> **Source data**

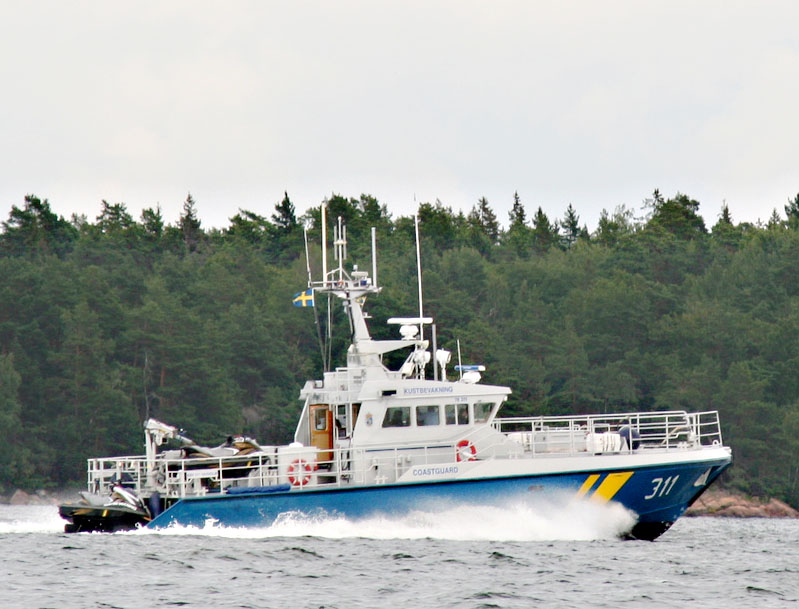 Swedish coast guard ship in Stockholm archipelago.
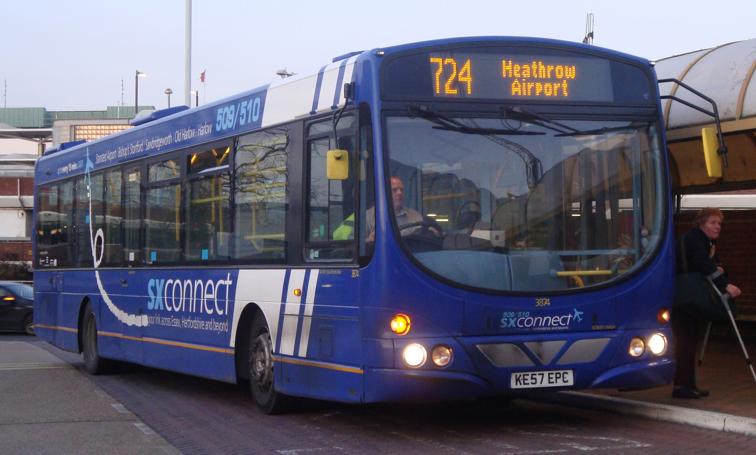 Network Harlow (Arriva-TGM) 3874 on Route 724, Heathrow Central Bus Station
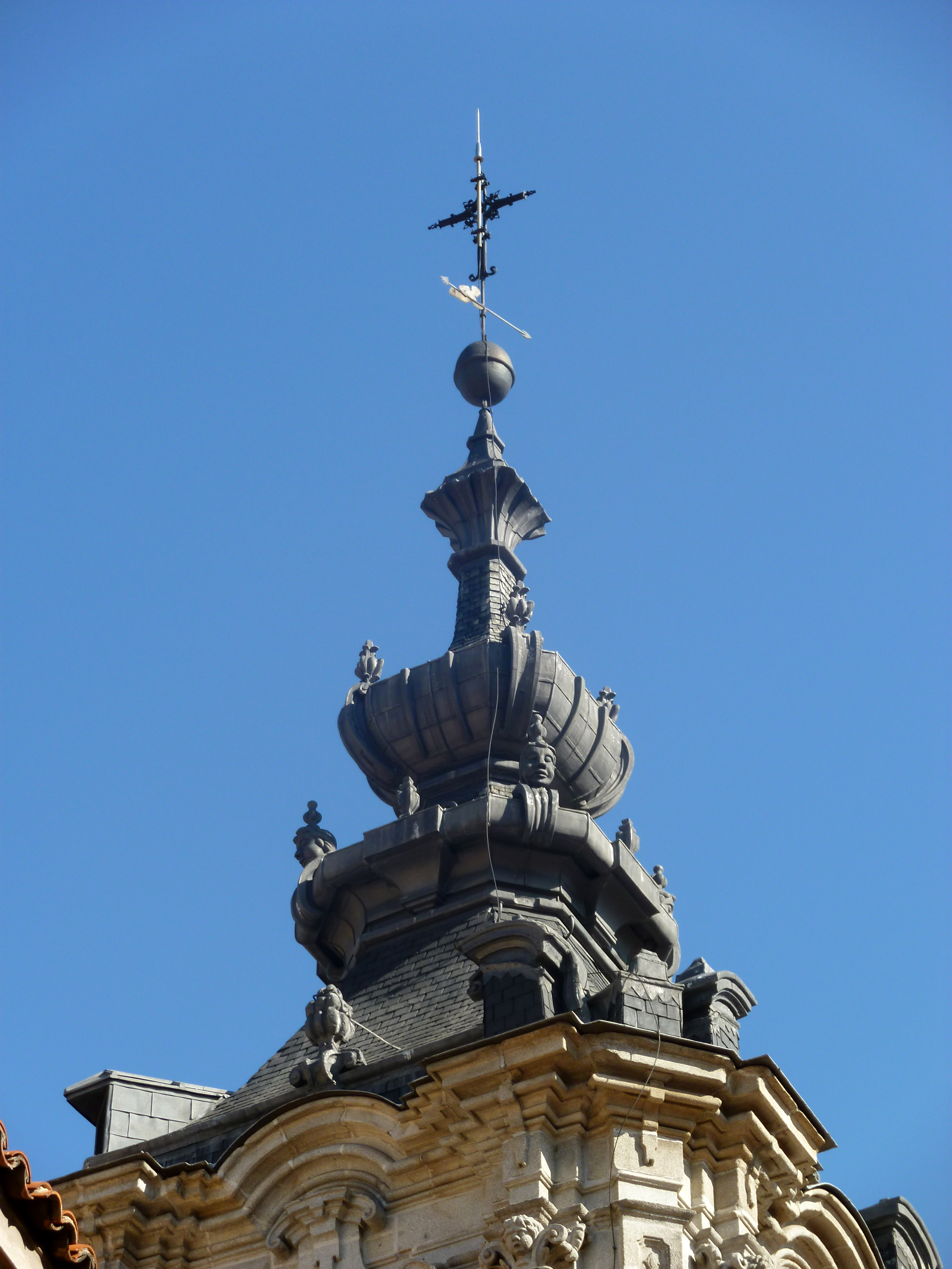 Top of the belfry at the Church of Our Lady of Montserrat in Madrid (Spain).
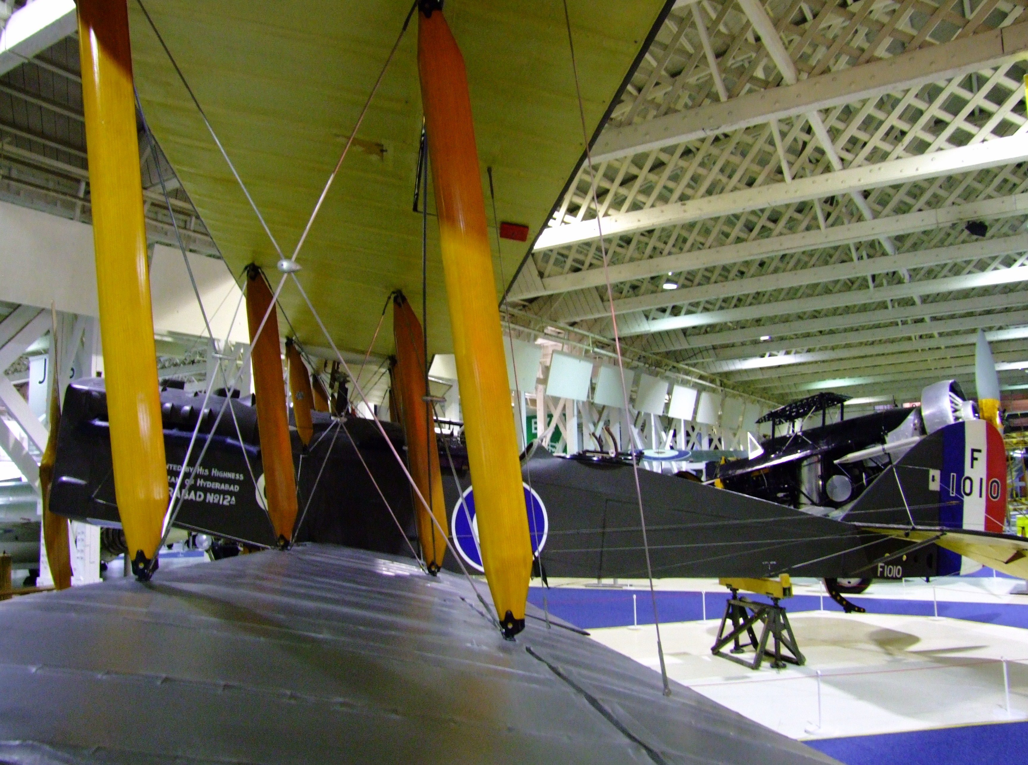 de Haveland DH9A number F1010 at the Royal Air Force Museum London.
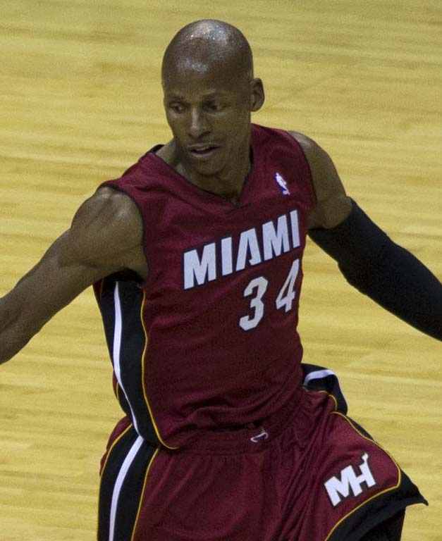 Ray Allen
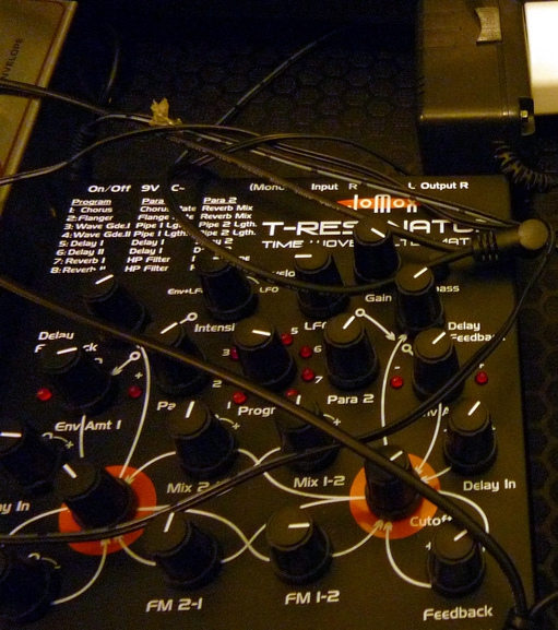 JoMoX T-Resonator (filter) Tom Bugs made me a black audio weevil. It really sounds amazing.
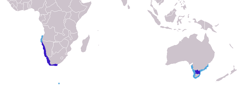 Distribution of Arctocephalus pusillus, the South African and Australian Fur Seal (dark blue: breeding colonies; light blue: non-breeding individuals)
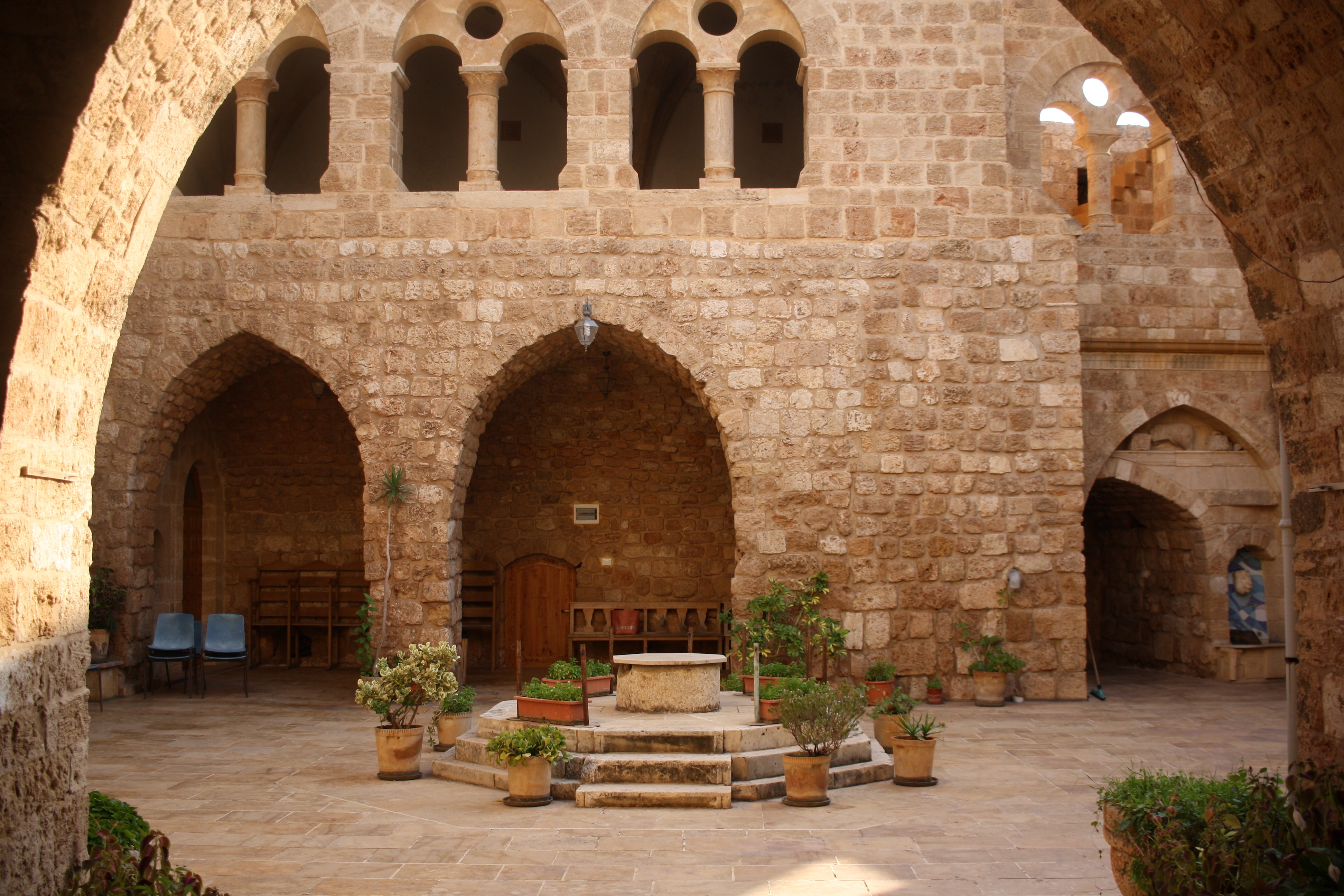 L'intérieur de Deir El Natour à Enfeh
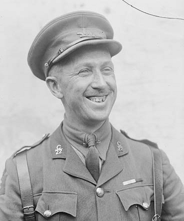 Major Georges P. Vanier of the 22nd Battalion. He became Canada's 19th Governor General, serving from 1959 to 1967.
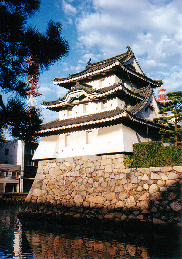 photo of Takamatsu Castle Ushitora-yagura(Japan's national important cultural property)
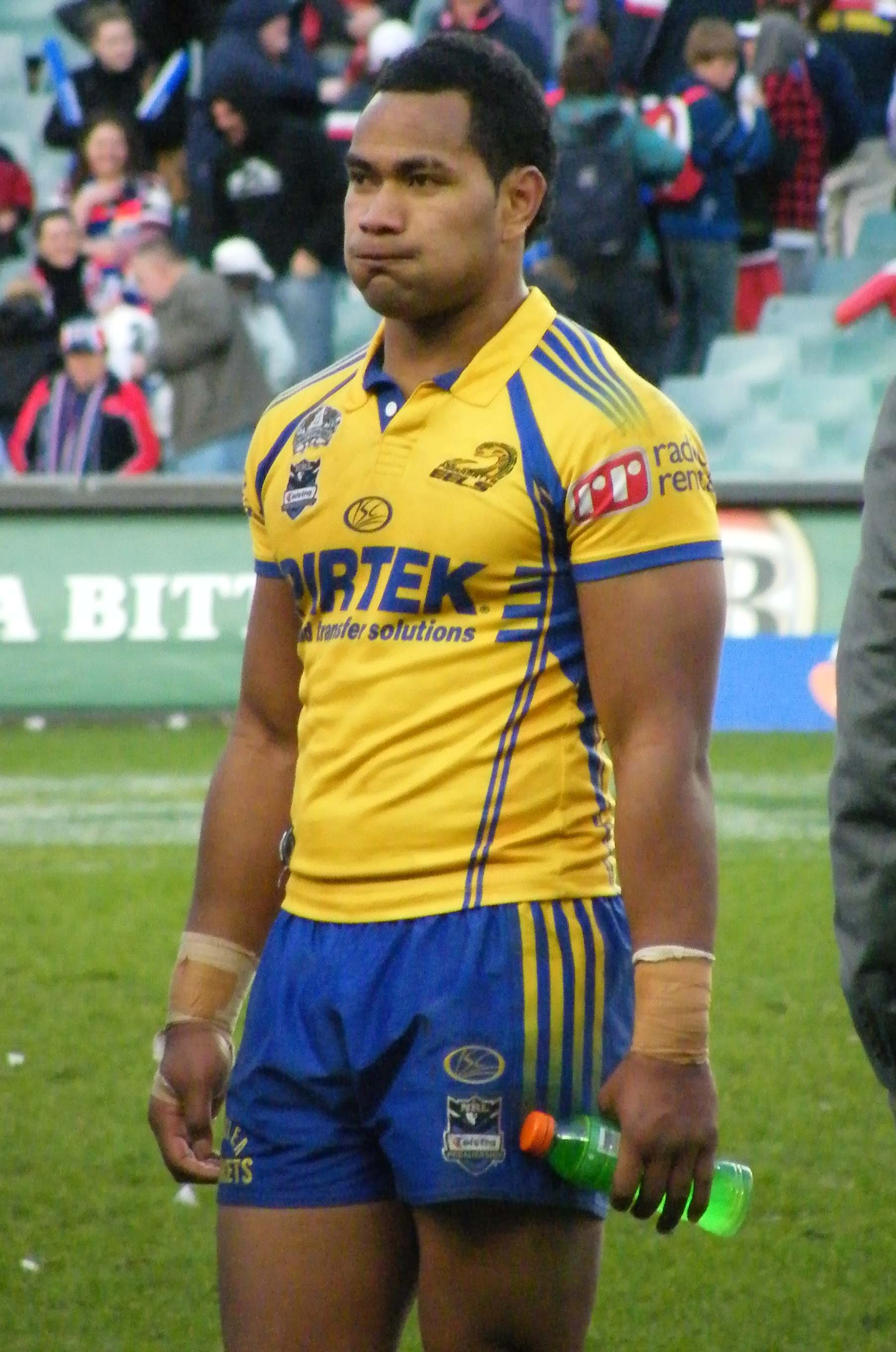 Parramatta Eels winger Tony Williams.
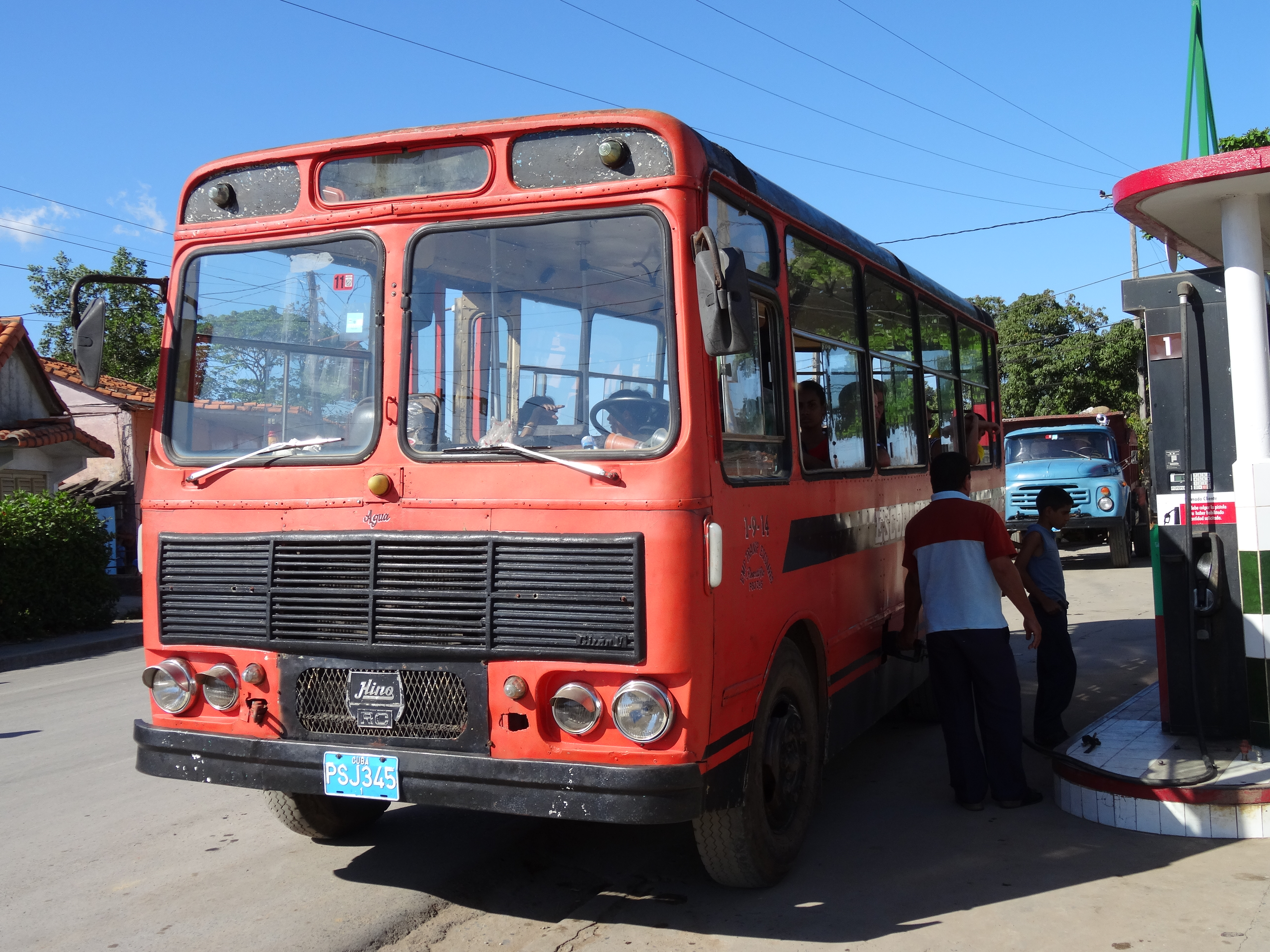 Cuba, Girón V bus in Vinales
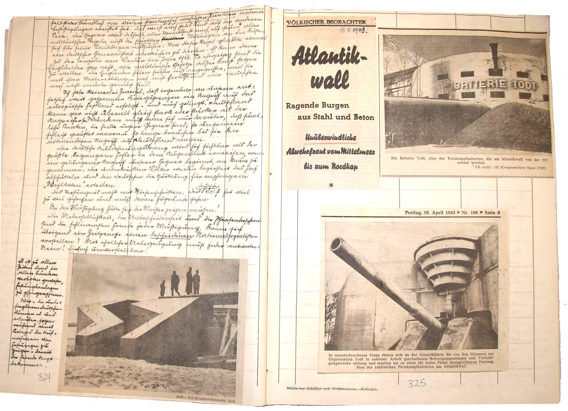 These are two pages in one of the ten volumes of the Friedrich Kellner diary. This is part of the April 25, 1943, entry about the Atlantic Wall fortifications. "This will not stop the Allies."
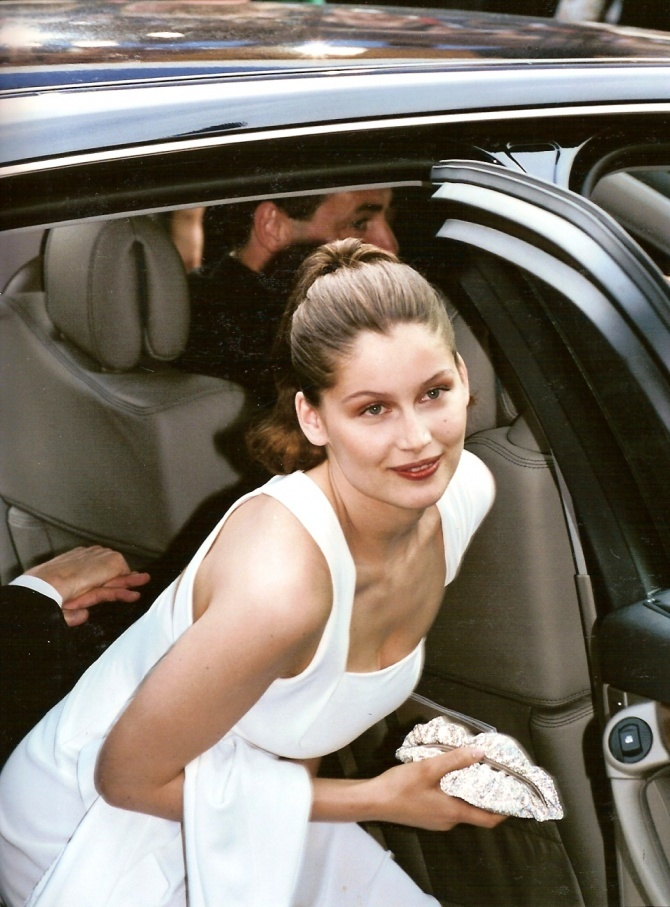 Laetitia Casta, French supermodel

> **About this exercise**
Leaving aside the images, write out the entries above word for word.

> **Response area**
 Swedish coast guard ship in Stockholm archipelago.
 Network Harlow (Arriva-TGM) 3874 on Route 724, Heathrow Central Bus Station
 Top of the belfry at the Church of Our Lady of Montserrat in Madrid (Spain).
 de Haveland DH9A number F1010 at the Royal Air Force Museum London.
 Ray Allen
 JoMoX T-Resonator (filter) Tom Bugs made me a black audio weevil. It really sounds amazing.
 Distribution of Arctocephalus pusillus, the South African and Australian Fur Seal (dark blue: breeding colonies; light blue: non-breeding individuals)
 L'intérieur de Deir El Natour à Enfeh
 Major Georges P. Vanier of the 22nd Battalion. He became Canada's 19th Governor General, serving from 1959 to 1967.
 photo of Takamatsu Castle Ushitora-yagura(Japan's national important cultural property)
 Parramatta Eels winger Tony Williams.
 Cuba, Girón V bus in Vinales
 These are two pages in one of the ten volumes of the Friedrich Kellner diary. This is part of the April 25, 1943, entry about the Atlantic Wall fortifications. "This will not stop the Allies."
 Laetitia Casta, French supermodel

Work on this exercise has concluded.